使用 Python 在数百万个文档中找到最常见的句子/短语

Question

I have about 5 million documents. A document is composed of many sentences, and may be about one to five pages long. Each document is a text file.

I have to find the most common sentences / phrases (at least 5 words long) among all the documents. How should I achieve this?

Answer 1

For exactly 5-word-long phrases, this is relatively simple Python (which may require lots of memory).

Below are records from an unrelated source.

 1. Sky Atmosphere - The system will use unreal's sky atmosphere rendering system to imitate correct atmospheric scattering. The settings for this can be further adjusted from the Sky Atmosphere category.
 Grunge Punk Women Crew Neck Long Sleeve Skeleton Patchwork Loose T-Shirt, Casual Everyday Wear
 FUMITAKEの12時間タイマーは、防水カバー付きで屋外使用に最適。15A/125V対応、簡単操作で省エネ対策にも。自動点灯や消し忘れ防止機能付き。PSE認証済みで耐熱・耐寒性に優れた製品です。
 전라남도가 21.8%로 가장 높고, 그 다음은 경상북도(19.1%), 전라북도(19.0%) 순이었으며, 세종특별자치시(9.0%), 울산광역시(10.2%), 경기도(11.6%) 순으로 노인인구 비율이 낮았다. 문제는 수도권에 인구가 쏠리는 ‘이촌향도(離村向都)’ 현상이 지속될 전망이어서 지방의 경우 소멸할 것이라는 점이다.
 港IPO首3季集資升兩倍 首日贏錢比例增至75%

For variably-longer phrases, it's a bit more complicated – & may need additional clarification about what kinds of longer phrases you'd want to find.

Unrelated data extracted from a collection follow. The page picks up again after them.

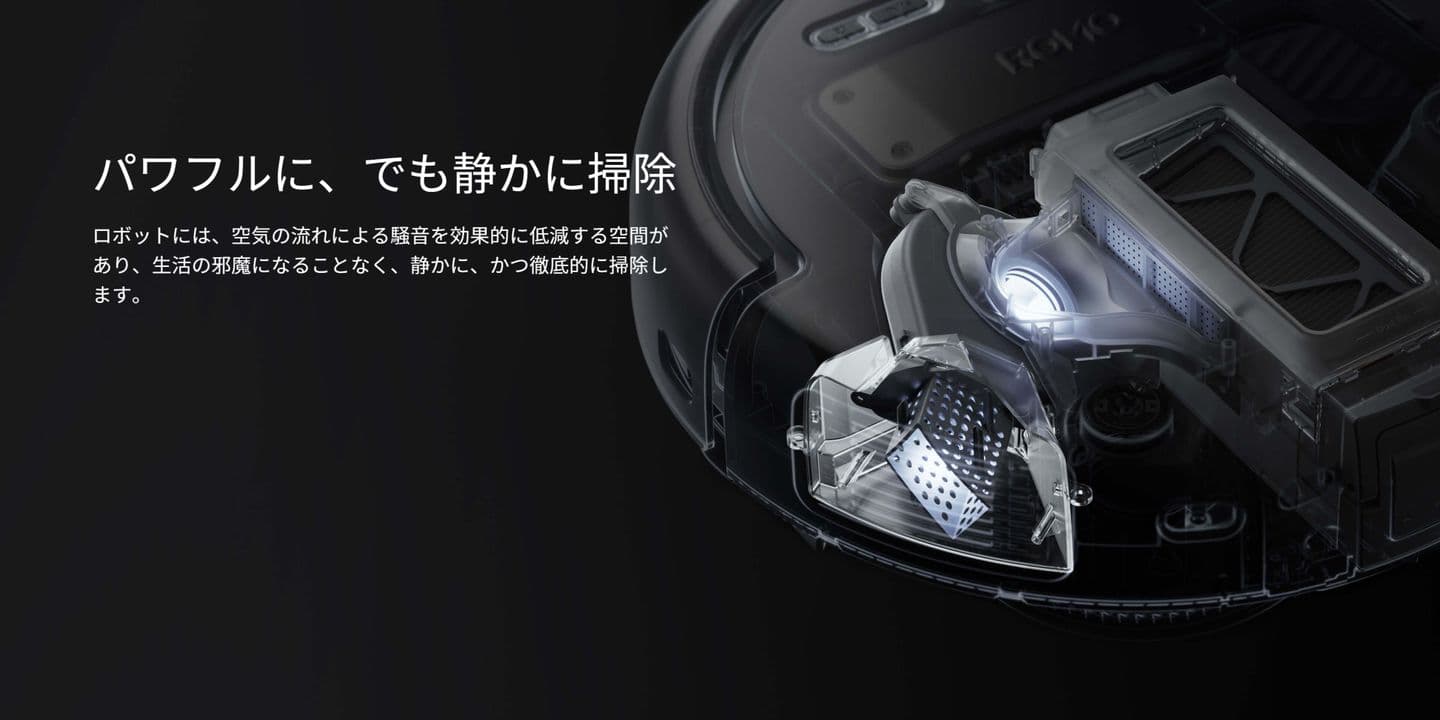 ベースステーションは、長いマフラーダクトとマフラー室を備えた3つの静音システムを搭載しています。集塵時の騒音を最大80%[2]低減するため、掃除中でも家族やペットの邪魔になりません。
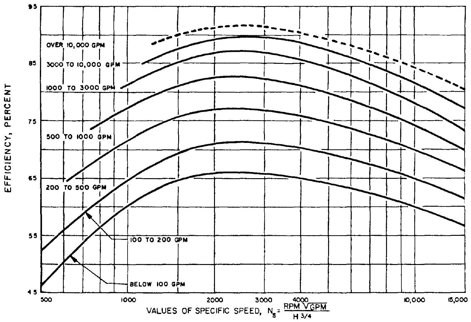 Figure 6-20 indicates typical pump specific speeds for various impeller geometries. For a given speed, a low value of specific speed is characteristic for low-volume flow, high-headrise pumps. Higher specific speed indicates a higher volume flow, low-head-rise pump.
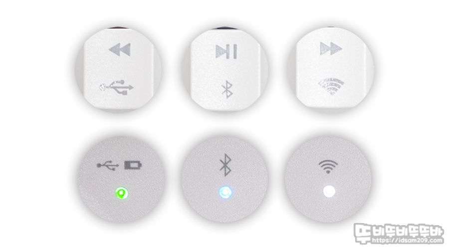 유선 연결 시 Green LED로 점등되기에 완충에 대한 LED 표현이 유선과 혼동될 수 있으니 가급적 배터리 잔량은 소프트웨어를 통해 확인하시는 걸 추천드립니다.
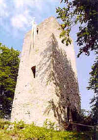 | Vnitřní bránou se vstupuje na dolní nádvoří, které je na západní straně chráněno o něco výše položenými hlavními budovami obklopujícími horní nádvoří. Z románské brány, vedoucí k hornímu nádvoří, zůstala zachována pouze dolní část ostění. V severovýchodním rohu horního nádvoří se zvedá hranolový bergfrit, který se nyní restauruje. Věž byla mezi lety 1897 až 1902 zvýšena z původně zachovaných 11 m tak, aby mohla sloužit jako rozhledna. Spodek stavby je na severní a částečně také na východní straně od současné úrovně obložen sedmi vrstvami středně velkých a velkých kvádrů. Nad nimi začíná obezdívka z lomového kamene s nárožními kvádry, mezi nimiž se objevují ojediněle bosované kvádry. Na západní a jižní straně má věž také obezdívku z lomového kamene. Vnitřek věže je obložen kvádry až do výšky nové přístavby. V nedávné době byl dole proražen vchod a zaklenut lomeným obloukem. Starý vchod se nachází, jak je u takových věží obvyklé, ve výši cca 9 m na jižní straně odvrácené od možného útoku. I ten je ukončen lomeným obloukem. |
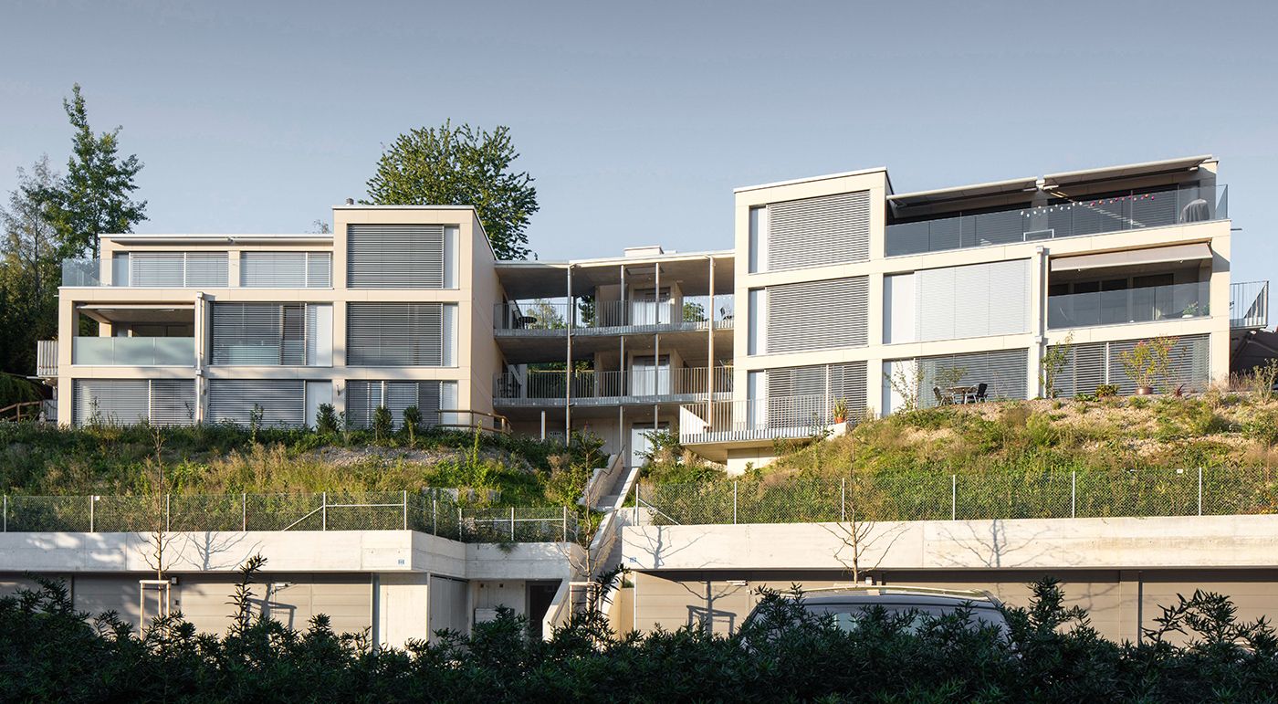 Zwei gespiegelte Baukörper fügen sich in Hanglage optimal in die Landschaft ein. Das schlichte Farbkonzept in Naturstein-Tönen sowie der Einsatz von hochwertigen Materialien lassen das Gebäude zurückhaltend und elegant wirken. Die nachhaltigen concrete skin Elemente in der Farbe sahara passen daher perfekt in das Konzept der Architekten. Großzügige Fensterfronten bringen ausreichend Tageslicht in die Wohnräume. Fotos: Dirk Podbielski

For the 5-word (aka '5-gram') case:

In one pass over the corpus, you generate all 5-grams , & tally their occurrences (say into a Counter ), then report the top-N.

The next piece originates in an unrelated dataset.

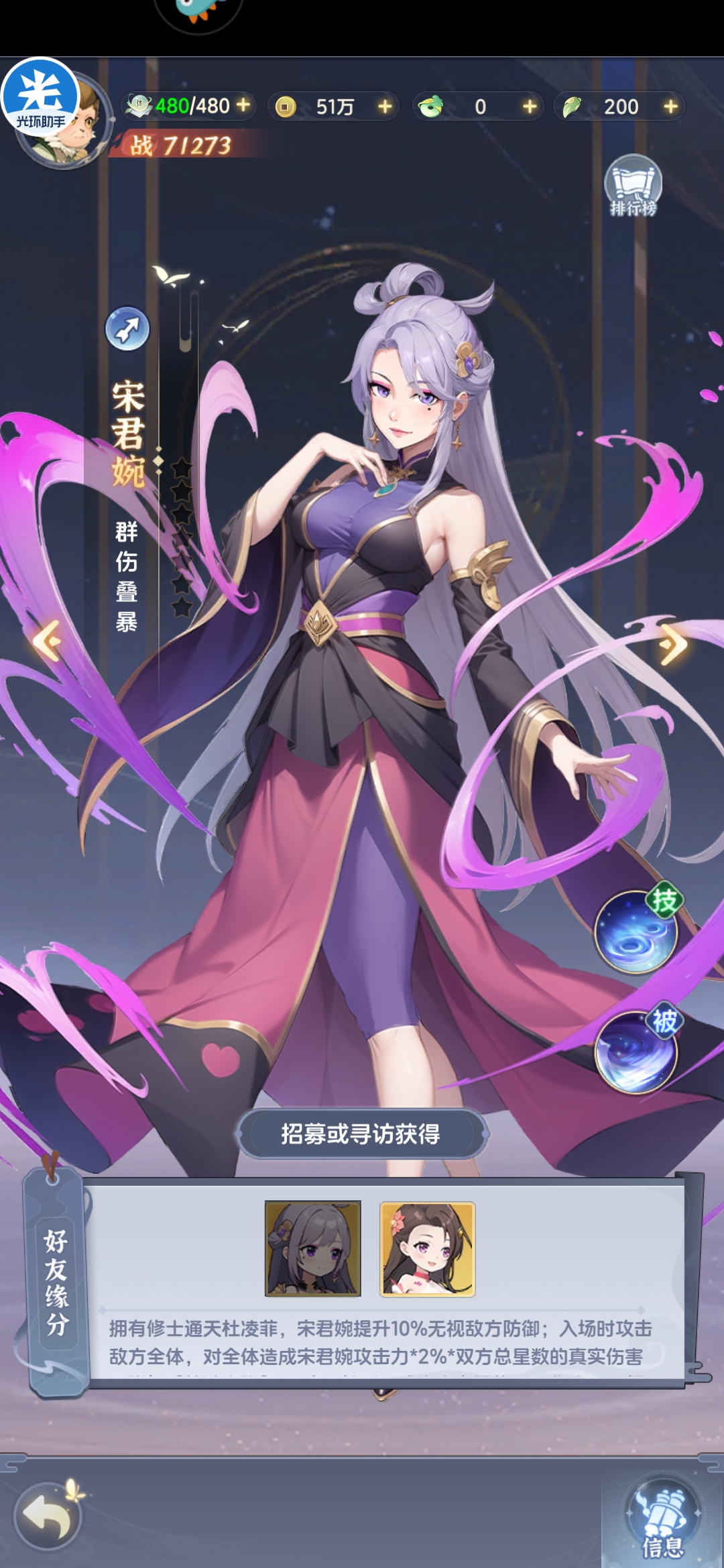 辅助型突击英雄,宋君婉技能并不算强势,敌方单体暴击受到生命上限额外伤害,搭配红拂等叠暴英雄可以快速减员,但触发条件相对苛刻,群伤能力略微欠缺,其核心在于缘分技能登场全体30%生命上限伤害,可以极大程度削减敌方坦度,适合单核成型快速收割阵容如血祖,但中后期多核成型由于输出点不够会相对乏力

For example, let's assume docs is a Python sequence of all your tokenized texts, where each individual item is a list-of-string-words. Then:

from collections import Counter

ngram_size = 5
tallies = Counter()

for doc in docs:
    for i in range(0, len(doc)-4):
        ngram = doc[i:i+5]
        tallies[ngram] += 1

# show the 10 most-common n-grams
print(tallies.most_common(10))

If you then wanted to also consider variably longer phrases, it's a little trickier – but note any such phrase would have to start with some of the 5-grams you'd already found.

So you could consider gradually repeating the above, for 6-grams, 7-grams, etc.

But to optimize for memory/effort, you could add a step to ignore all n-grams that don't already start with one of the top-N candidates you chose from an earlier run. (For example, in a 6-gram run, the += line above would be conditional on the 6-gram starting-with one of the few 5-grams you've already considered to be of interest.)

And further, you'd stop looking for ever-longer n-grams when (for example) the count of top 8-grams is already below the relevant top-N counts of shorter n-grams. (That is, when any further longer n-grams are assured of being less-frequent than your top-N of interest.)